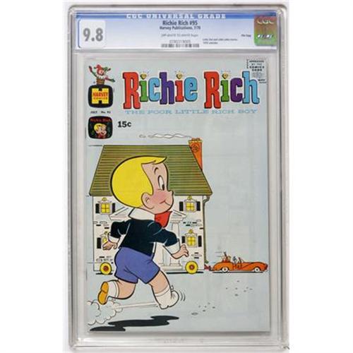 <B>Richie Rich #95 File Copy (Harvey, 1970) CGC NM/MT 9.8 Off-white to white pages.</B></I> Contains a 1970 calendar. Little Dot and Little Lotta stories. Overstreet 2007 NM- 9.2 value = $35. CGC census 10/07: 1 in 9.8, none higher.<BR><BR><b>Shipping:</b> Comics - Slabbed (certified) (<a target="_blank" href="http://www.heritageauctions.com/common/shipping.php">view shipping information</a>)
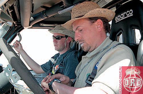 Следующий день (песчаная буря все продолжалась) участники начали с преодоления вертикального трехметрового уступа. Забраться туда можно было разве что на лебедке, зацепив наверху земляной якорь, однако быстрее всех на уступе оказался красный Patrol, у которого «электротягловое» устройство сгорело накануне вечером. Ребята использовали лебедочный якорь как выравнивающий плуг! Они впрягли в него свой автомобиль (читай, импровизированный бульдзер) и, пользуясь мягкостью грунта, за пару десятков заходов превратили стенку в наклонную плоскость, по которой и поднялись. После такой разминки участников ждал достаточно длинный навигационно-скоростной этап с финишем в лагере, куда все вернулись уже далеко затемно.
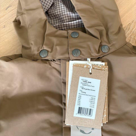 Ny Wheat skalljakke i størrelse 116, fargen blå. Jakken har hette og lommer, med et rutemønstret innerfôr. Ny pris 1200kr. Lappene er på. Perfekt som vår- sommer- og høstjakke.
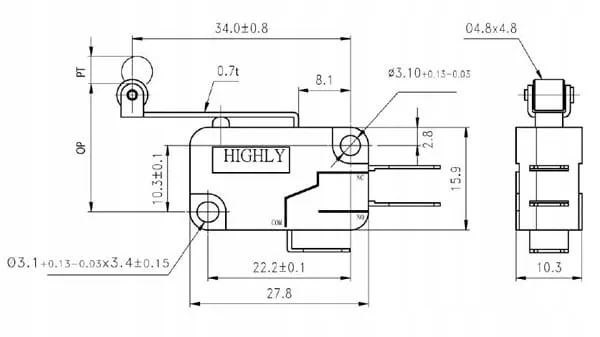 Mikroprzełącznik; VS15N06-1C; dźwignia z rolką; 25mm; 1NO+1NC wspólny pin; szybkie; konektory 6,3mm; 15A; 250V; Highly; RoHS
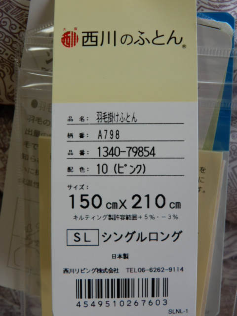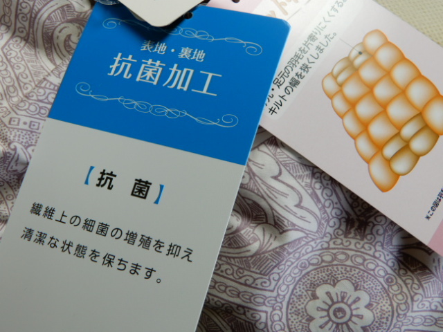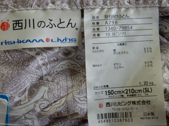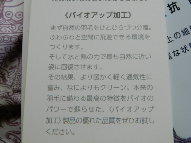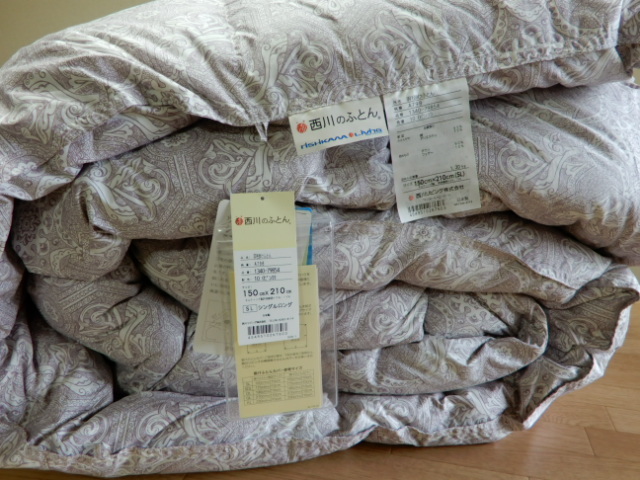 | 商品サイズ : 150×210cm キルティング製 許容範囲+5% -3% 材質 : ふとんがわ 綿65%ポリエステル35% 詰めもの ダウン90% フェザー10% 詰めもの重量 1.2kg 商品状態 : 新品・未使用 ・抗菌加工(表地・裏地) 繊維上の細菌の増殖を抑え清潔な状態を保ちます。 ・水と熱の力を活用した「バイオアップ加工」で、暖かく、軽く、クリーンなふとんに。 ・衿元フィットキルト (衿元・足元の羽毛を片寄りにくくする為、キルトの幅を狭くしています。) ・日本製 西川リビング株式会社 | |||
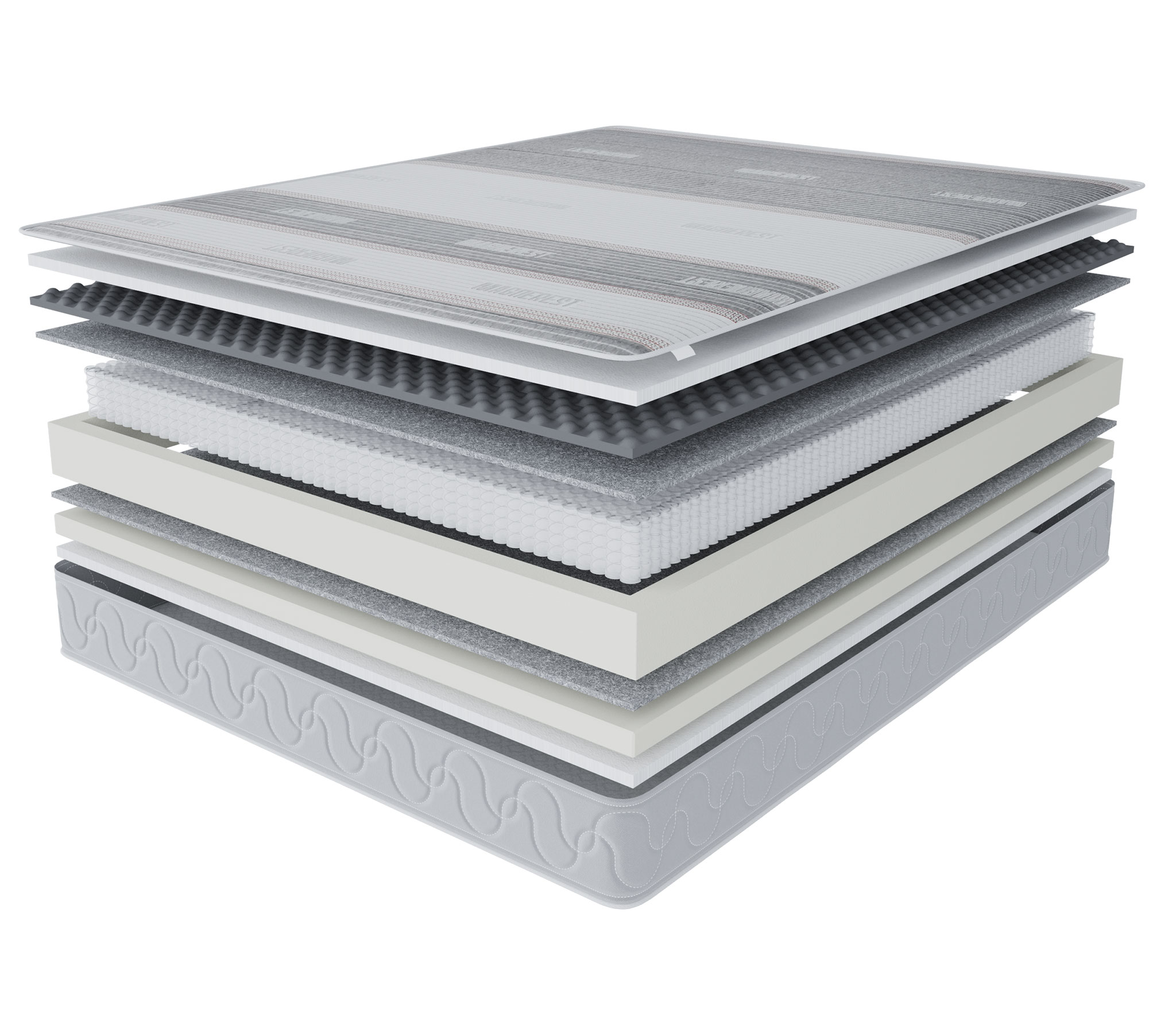 Матрас сочетает в себе внешнюю красоту чехла, который делается из премиальных тканей из 100% вискозы, и высочайший комфорт, который обеспечивают независимый блок пружин (820 шт/ спальное место) и высокотехнологичные ортопедические пены. Благодаря такому количеству пружин матрас может выдержать достаточно высокие нагрузки (до 140 кг/ спальное место), а также точнее подстраиваться под форму спящего. На этом матрасе себя будут комфортно чувствовать пары с большей разницей в весе, эффекта «скатывания» не будет. Данная модель является универсальной и подойдет почти любому, а внешний вид матраса не оставит равнодушным даже самых требовательных покупателей. С одной стороны матраса, в качестве комфортного слоя, используется высокоупругая пена толщиной 4 см, которая равномерно распределят нагрузку по блоку, а с другой стороны- пена мемори с угольной пропиткой и эффектом микромассажа, который достигается за счет ячеистой структуру самого листа пены, эта сторона матраса максимально точно повторяет контуры тела и запоминает их. Чехол матраса стегается на синтепоне плотностью 1000 гр/м2, что создаст эффект перины для людей с весом ниже среднего. Матрас идеально сочетается с кроватью Пассаж, которая изготавливается в той же ткани (Glory 110), что и бурлет (бок) матраса, таким образом матрас гармонично сочетается с кроватью, а вместе они создают законченную композицию.
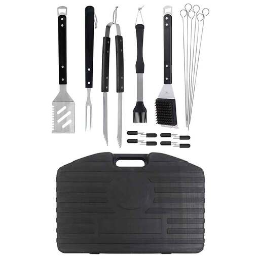 Mr. Bar-B-Q 20 Piece Barbecue Tool Set - Reinventing the meaning of a complete set! Sturdy stainless steel construction with plastic handles. With a durable case for carrying and storing. Set Includes - 4-in-1 Spatula Tongs 6 Skewers Fork Silicone Basting Brush Grill Brush 8 Corn Holders Carrying Case
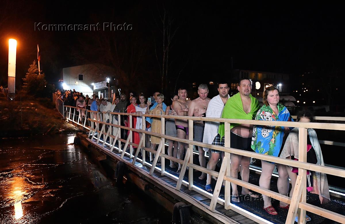 Праздник Крещения Господня. Верующие во время Крещенских купаний в Строгинской пойме.
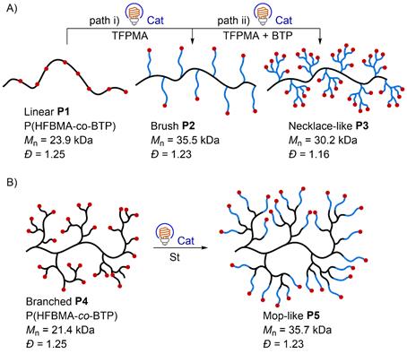 通常,为合成不同拓扑结构的聚合物,人们需要从不同原料组合(单体、引发剂/链转移试剂)出发。例如,在可控自由基聚合中,单体与常见引发剂通常导向线性聚合物。为获得(超)支化聚合物,人们进而设计发展了由特定引发剂/链转移试剂导向的合成方案。
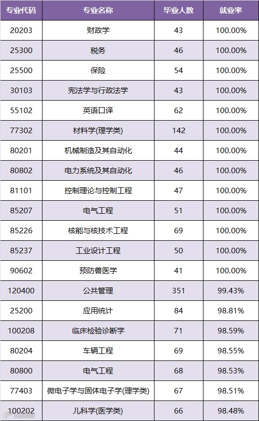 在人数最多的前20个专业中,就业率最高的是公共管理,为99.43%,其次是临床医学,为98.03%;最低的是汉语国际教育,为83.50%,其次是新闻与传播,为88.53%。人数较多的专业中,比全省研究生平均就业率低的还有外科学(108109)、工商管理、生物化学与分子生物学和会计学。

##############################

▶ _EXERCISE OBJECTIVE_: Your copy should hold only the lines above from the one containing "Ny Wheat skalljakke" through the one containing "西川リビング株式会社 | |||", exactly as written and free of pictures.

▶ _ANSWER BOX_:
 Ny Wheat skalljakke i størrelse 116, fargen blå. Jakken har hette og lommer, med et rutemønstret innerfôr. Ny pris 1200kr. Lappene er på. Perfekt som vår- sommer- og høstjakke.
 Mikroprzełącznik; VS15N06-1C; dźwignia z rolką; 25mm; 1NO+1NC wspólny pin; szybkie; konektory 6,3mm; 15A; 250V; Highly; RoHS
 | 商品サイズ : 150×210cm キルティング製 許容範囲+5% -3% 材質 : ふとんがわ 綿65%ポリエステル35% 詰めもの ダウン90% フェザー10% 詰めもの重量 1.2kg 商品状態 : 新品・未使用 ・抗菌加工(表地・裏地) 繊維上の細菌の増殖を抑え清潔な状態を保ちます。 ・水と熱の力を活用した「バイオアップ加工」で、暖かく、軽く、クリーンなふとんに。 ・衿元フィットキルト (衿元・足元の羽毛を片寄りにくくする為、キルトの幅を狭くしています。) ・日本製 西川リビング株式会社 | |||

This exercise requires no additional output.